Re: Proposal(NEW) FixCharset

Posted by "Dmitry I. Platonoff" <dp...@descartes.com>.
On Fri, 05 May 2000 05:31:30 +0900, Jun Inamori wrote:


 > Most part are derived from the code by Dmitry.
 > (Thank you Dmitry!)

My pleasure :)

 > BTW, 'Locale' retrieved by 'HttpServletRequest.getLocale()'
 > fully depends on this information. Can we take any benefit
 > from this 'Locale'?

Well... We're supposed to. :)  This information can be used, for example,
for choosing the language we use to present the information (in the case of
a international site). This is a very nice idea, when it's implemented
properly. For example, there's a content negotiation mechanism in Apache,
which already takes advantage of that. Then, as far as I remember, Eugen
also had some proposals about the same thing with JSPs and servlets. I'd
like him to share his ideas in this mailing list.

But everything could be spoiled, of course. The Microsoft website drives me
mad  -- I have the Russian language set as the preferred in my browser, and
they always have an outdated version of their pages in Russian, so I have
to change the preferred language to English every time I visit this site :)

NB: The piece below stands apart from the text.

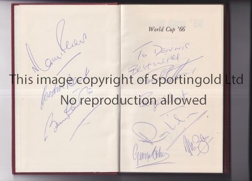 WORLD CUP 1966 / AUTOGRAPHS Hardback book World Cup '66 by Hugh McIlvanney, Sportsmans Book Club edition (no cover but in good condition) signed on frontispiece (To Dennis) by Geoff Hurst, Roger Hunt, Ray Wilson, George Cohen, Alan Ball, Martin Peters, Gordon Banks and Bobby Charlton. Good

 > >   /** file storage */
 > >  Hashtable files = null;
 > What do we use 'files'. Does it have something to do with
 > 'multipart/form-data' ?

Yes. The request wrapper, we developed and used since last year, was meant
to be able to deal not only with regular GET and POST requests, but with
multipart data and file attachments also. I just stripped the code off to
save on email size. Are you interested in this code too? It's pretty
simple, actually, and there's enough implementations already available on
the web, so thought it would be one too many...

 > I don't know in which case this is sent and, of course
 > how to handle it.

It is sent when you have your form headers like this:
<FORM ACTION="/blahblahblah" METHOD=POST
  ENCTYPE="multipart/form-data">
And you can allow the user to submit the entire files with such a form. The
result, which would be a regular MIME multipart stream, could be read as a
regular POST data stream, but you'll have to parse it differently.


 > I don't know how to implement 'parseHex()'. So I put alternative
 > fragment of code.

This was a custom piece of code, a kind of hack to parform the hex
translation. It's supposed to be faster than the standard
Integer.parseInt(), which is designed to be universal, and therefore it's
huge (the method is about 50 lines of code) and resource-consuming.

This method is rather simple:

  /**
    Hex value parser

    @param c a character of value "{0-9|A-F}" to parse
  */
  public static int parseHex( int c )
  {
    if ( c >= '0' && c <= '9' ) return c - '0';
    if ( ( c &= 0x5F ) >= 'A' && c <= 'F' ) return c - 'A' + 10;
    return 0;
  }

And I believe, that this piece, which uses it,

  b2[n++] = ( byte ) ( ( Util.parseHex( buffer[++i] ) << 4 ) |
    Util.parseHex( buffer[++i] ) );

might still be better than the following code

  char[] digit=new char[2];
  digit[0]=(char)buffer[++i];
  digit[1]=(char)buffer[++i];
  int i_v=Integer.parseInt((new String(digit)),16);

which allocates an array, then a String, and then calls a universal number
parser. Am I wrong? It might be not very easy to read :), but I wanted it
to be efficient.

 > Now your code is moved into 'afterRead()', which is invoked by
 > 'ServletWrapper.handleRequest(Request,Response)'. The
 > 'handleParameters()' method can be removed from 'RequestImple'.

Sounds cool.

You did a good job.


Sincerely,
Dmitry.